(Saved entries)
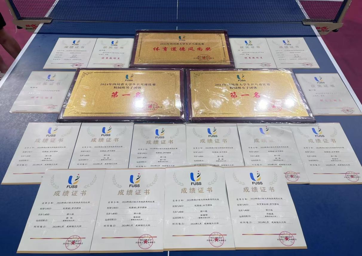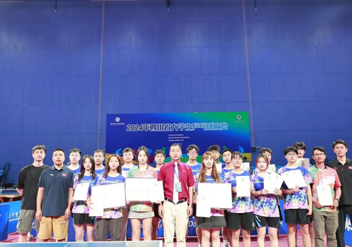 5月24日-26日,2024年四川省大學生乒乓球錦標賽在成都城東體育公園舉行。經過三天的激烈角逐,我校代表隊獲得男女團體、男女單打四枚金牌,并獲一項團體第六名和一項單打第七名。兩名教練和兩名學生分獲“優秀教練員”和“優秀運動員”稱號,我校獲得體育道德風尚獎。
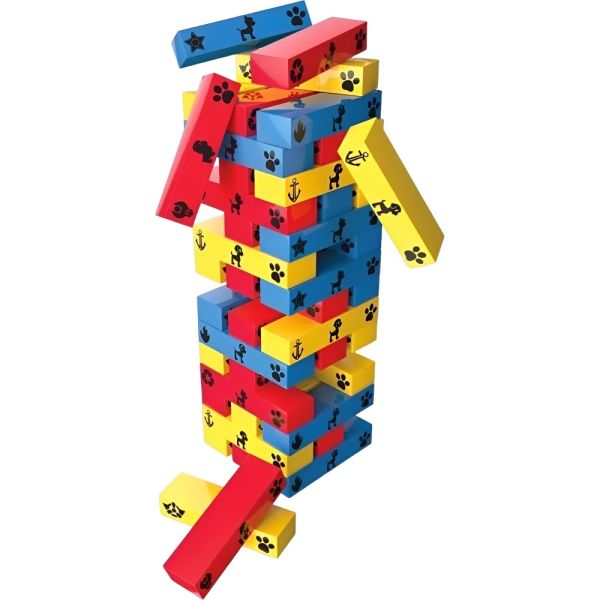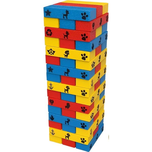 Juego: Consiste en retirar bloques de una torre sin que esta se derrumbe. Incluye 48 bloques de madera y un dado para agregar un elemento extra de juego
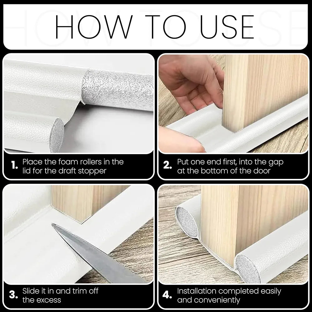 Door Protector 42 Inch Under Door Draft Stopper is a double sided insulating device for doors and windows the fabric draft stopper sleeve holds foam cylinders on opposite sides of a door, creating an airtight, draft-proof seal.
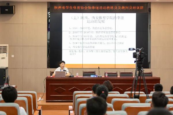 7月2日,陕西省学生体育协会跆拳道运动专业委员会成立大会暨陕西省校园跆拳道教练员、裁判员培训班开班仪式在今年会举行。西安市内有关单位领导及教师40余人在线下参会,省内其他各大学、中小学、幼儿园教师及其他从事跆拳道运动教学与训练的相关人士约200人以腾讯会议的方式在线参会。
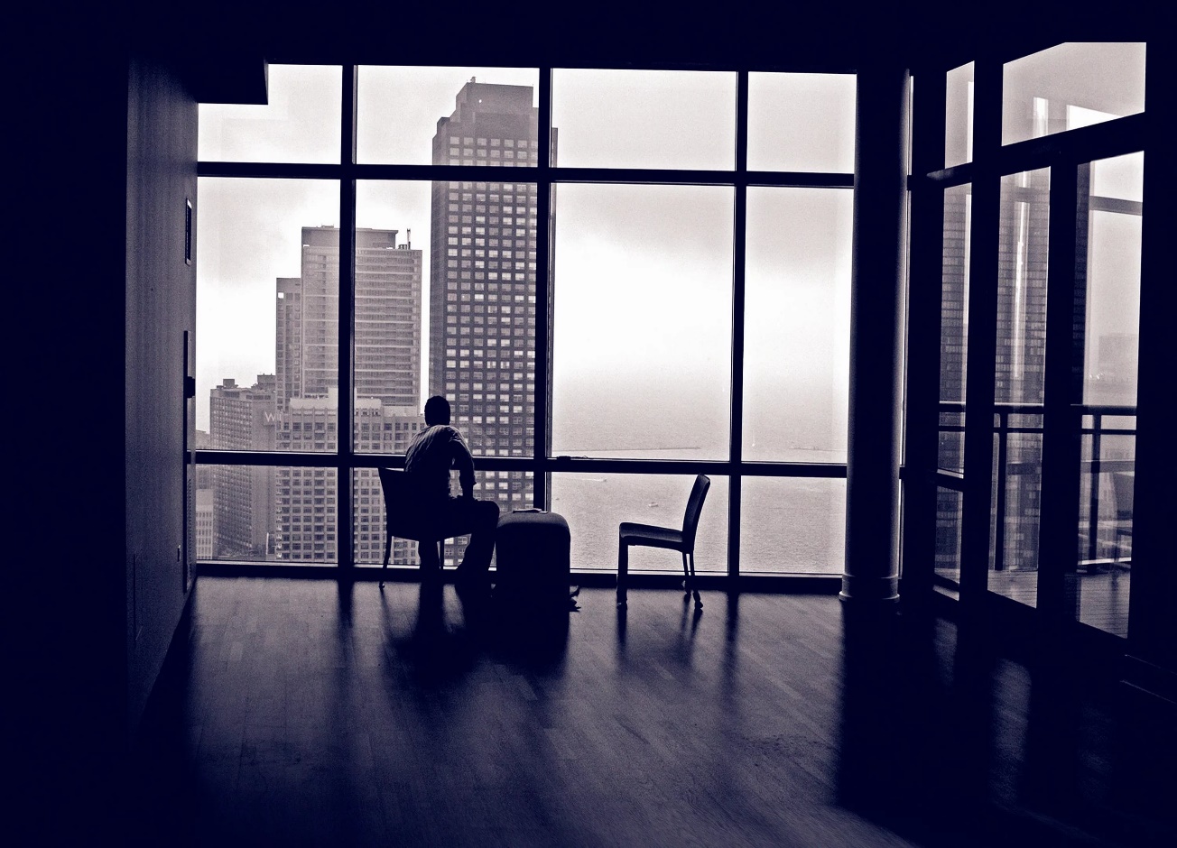 Девушка в очередной раз, уже в конце рабочего дня, зашла к Новаку проверить, проснулся ли он. Когда она зашла, он сидел на столе, поставив ноги на кресло, и смотрел в окно.
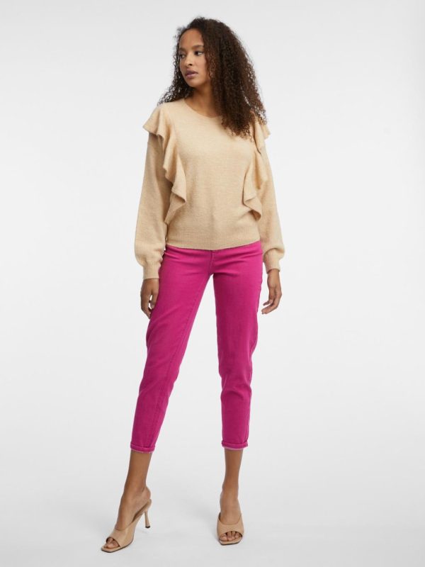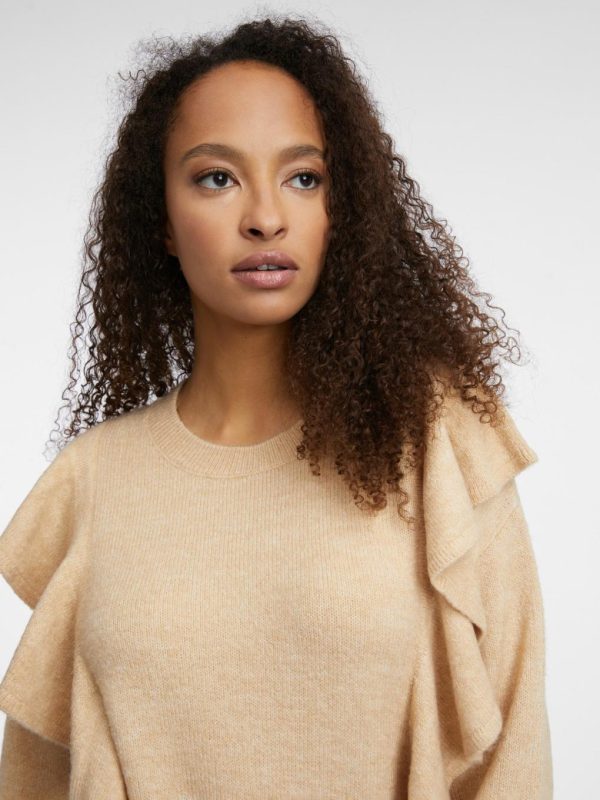 Bekleidung Pullover Und Hoodies | Orsay Beigefarbener Damen-Rüschen-Pullover
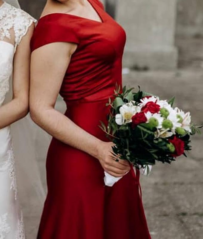 Продаю довгу вечірню сукню. Матеріал - атлас. Розмір М. Зріст 1.55 Колір - темно-червоний. Пошита на замовлення. Вдягала один раз.
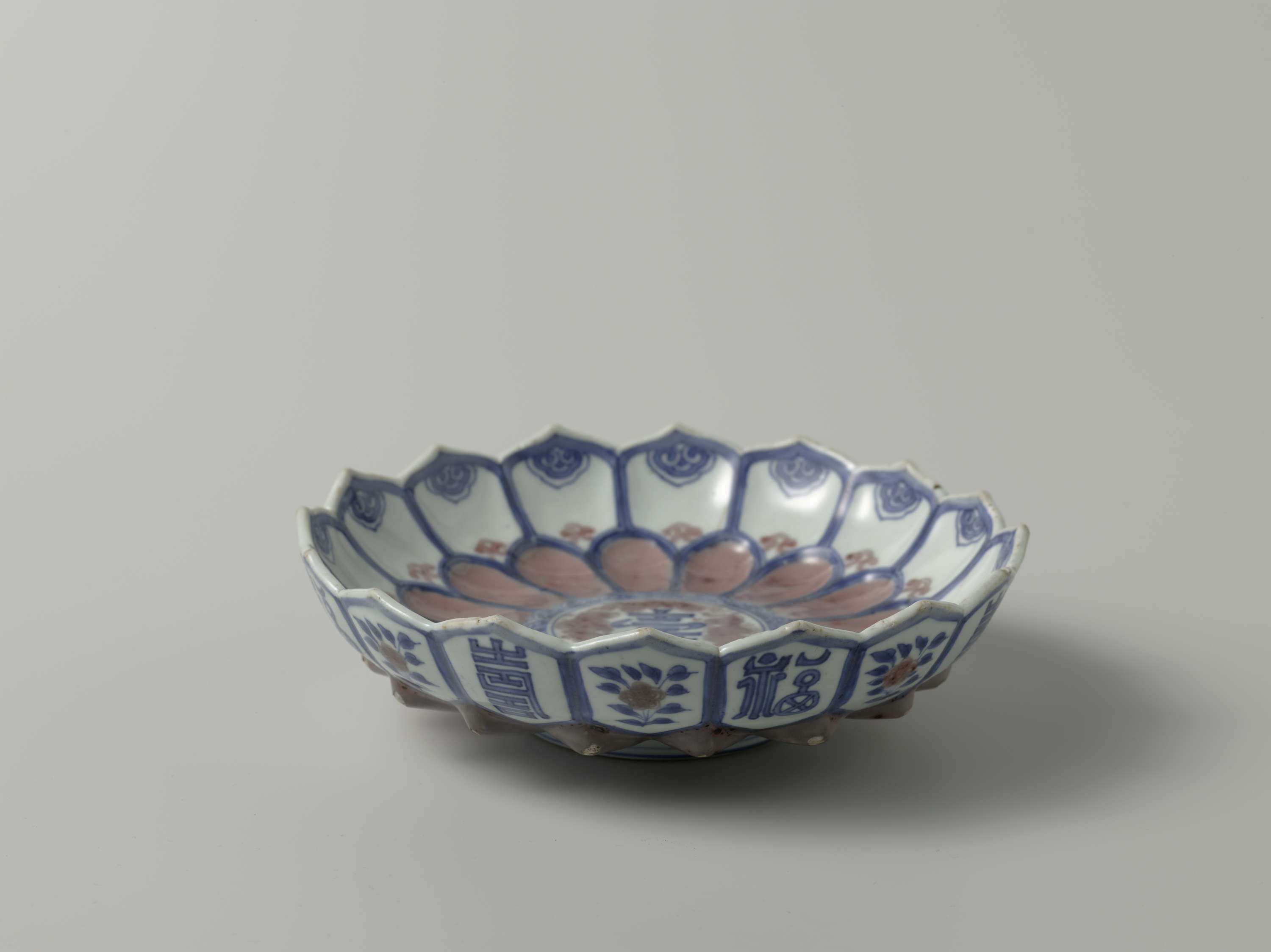 Schaal van porselein gemodelleerd in de vorm van een lotus, beschilderd in onderglazuur blauw en rood. Op het plat een medaillon met het 'shou' karakter omgeven door een band met ruyi-motief; hier omheen een rand gemodelleerde bloembladeren overlopend in een tweede rand puntige bloembladeren met ruyi-motief; de bovenste rand bladeren heeft aan de buitenzijde afwisselend bloemtakken of het 'shou' of 'fu' karakter, beide staan voor geluk. Op de onderzijde een acht-karakter Hall mark 'Kangxi renzi Zhonghetang zhi'. Meerdere chips in de rand; de punten van de onderste rij bloembladeren aan de buitenzijde beschadigd. Onderglazuur blauw met koperrood. (Nederlands)
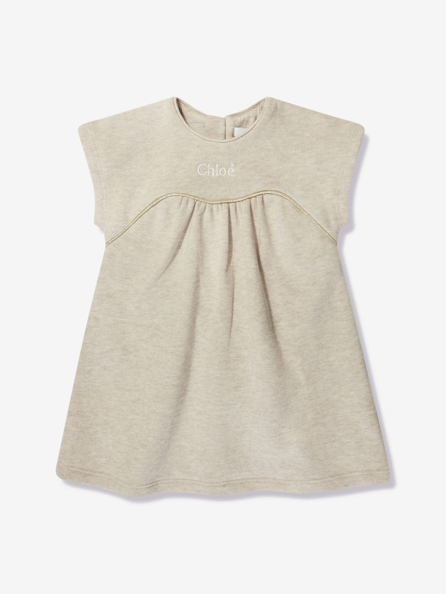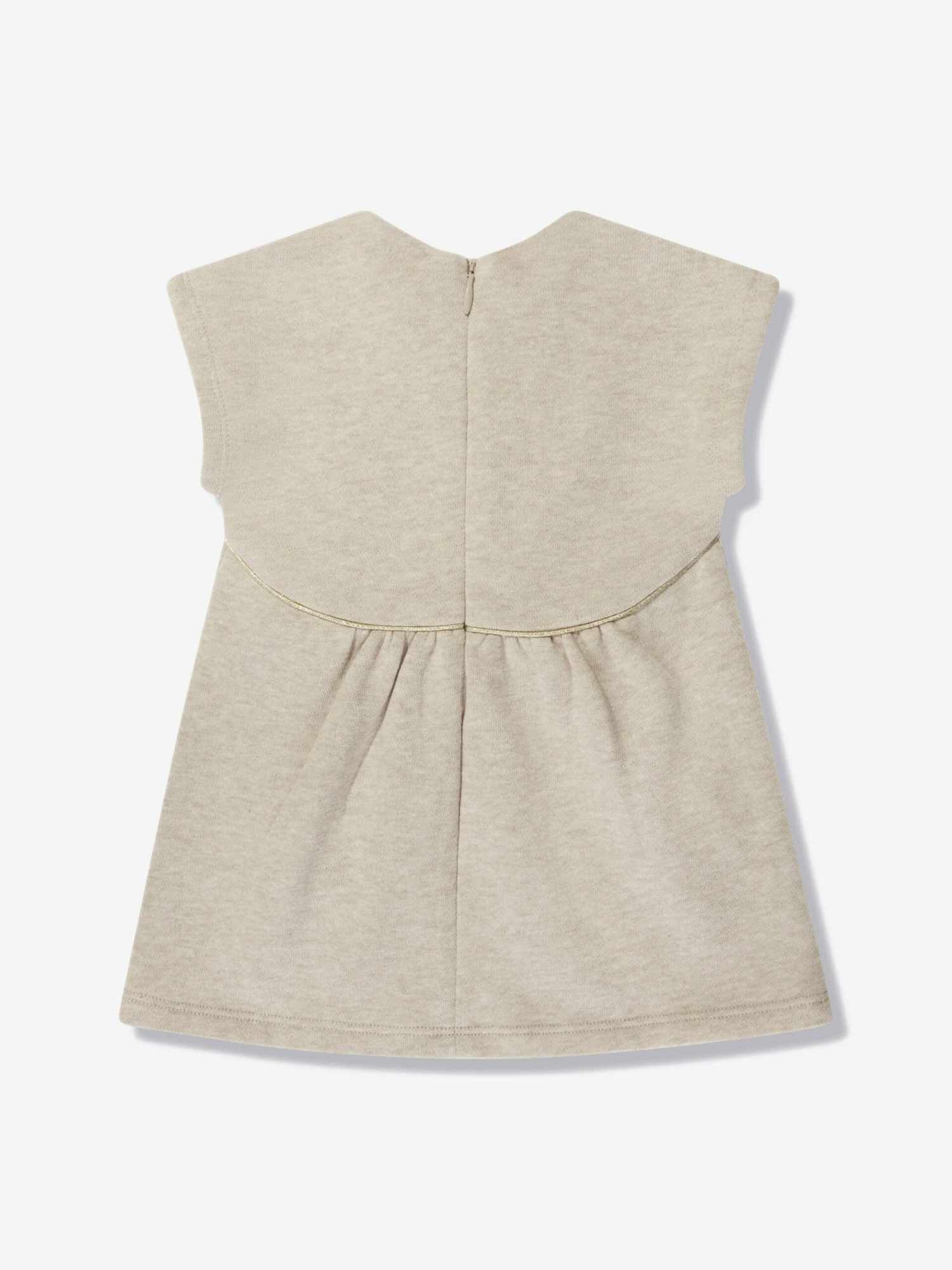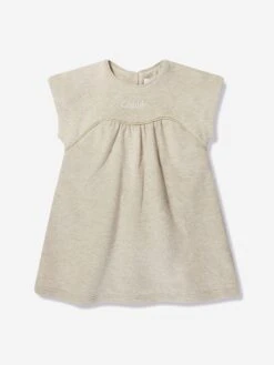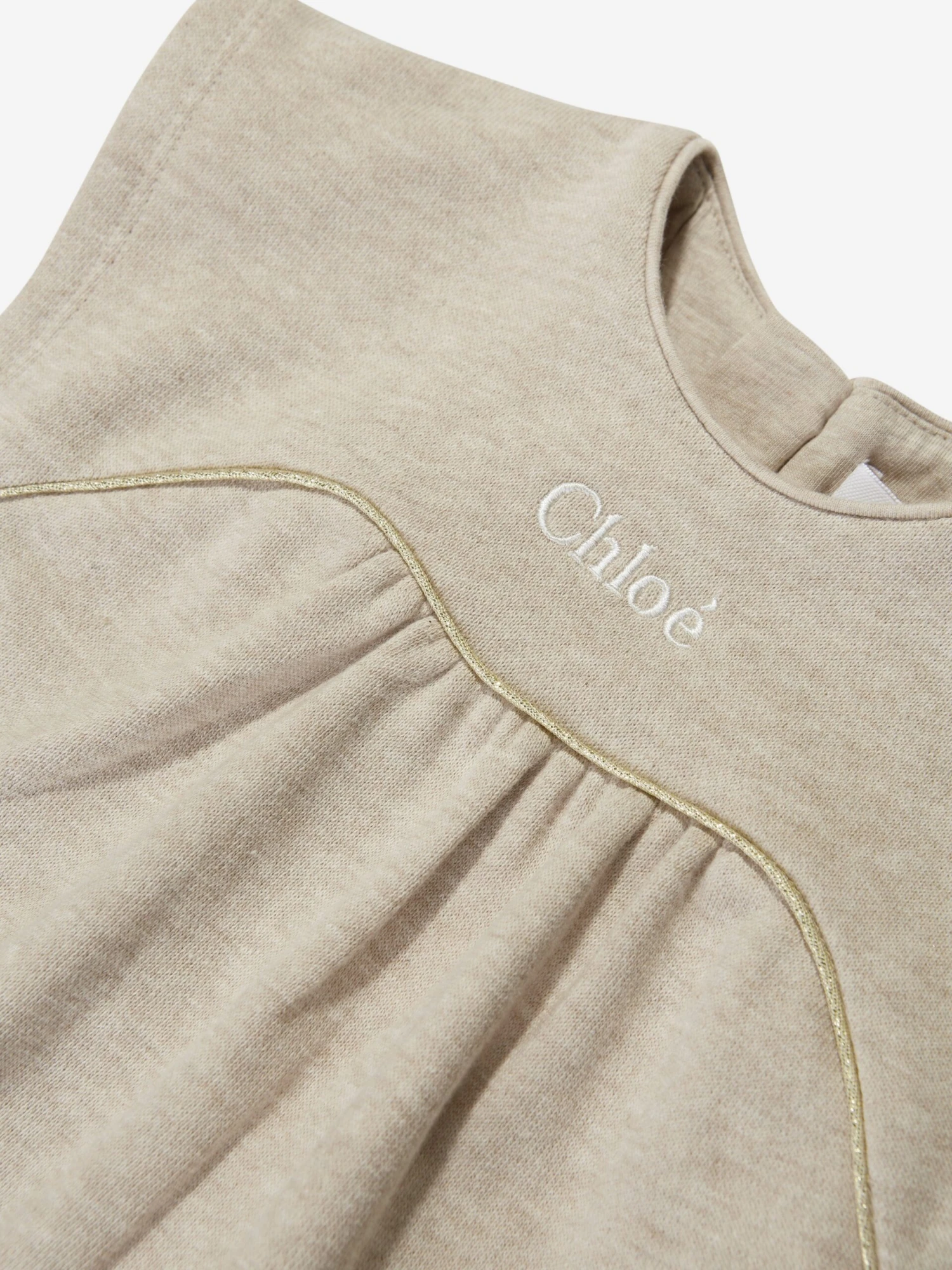 Parisian label Chloé incorporate exquisite materials into their beautifully crafted designs. This baby girls beige marl short sleeved t-shirt dress is reflective of the French brand’s meticulous construction and preference for whimsical themes. Crafted with ruffles and golden piping details, signified by classic Chloé embroidery on the chest.

TASK GOAL: Pictures are to be left out while the lines from the beginning of the records through the line with "Door Protector 42" are copied word for word.

TASK RESPONSE:
 5月24日-26日,2024年四川省大學生乒乓球錦標賽在成都城東體育公園舉行。經過三天的激烈角逐,我校代表隊獲得男女團體、男女單打四枚金牌,并獲一項團體第六名和一項單打第七名。兩名教練和兩名學生分獲“優秀教練員”和“優秀運動員”稱號,我校獲得體育道德風尚獎。
 Juego: Consiste en retirar bloques de una torre sin que esta se derrumbe. Incluye 48 bloques de madera y un dado para agregar un elemento extra de juego
 Door Protector 42 Inch Under Door Draft Stopper is a double sided insulating device for doors and windows the fabric draft stopper sleeve holds foam cylinders on opposite sides of a door, creating an airtight, draft-proof seal.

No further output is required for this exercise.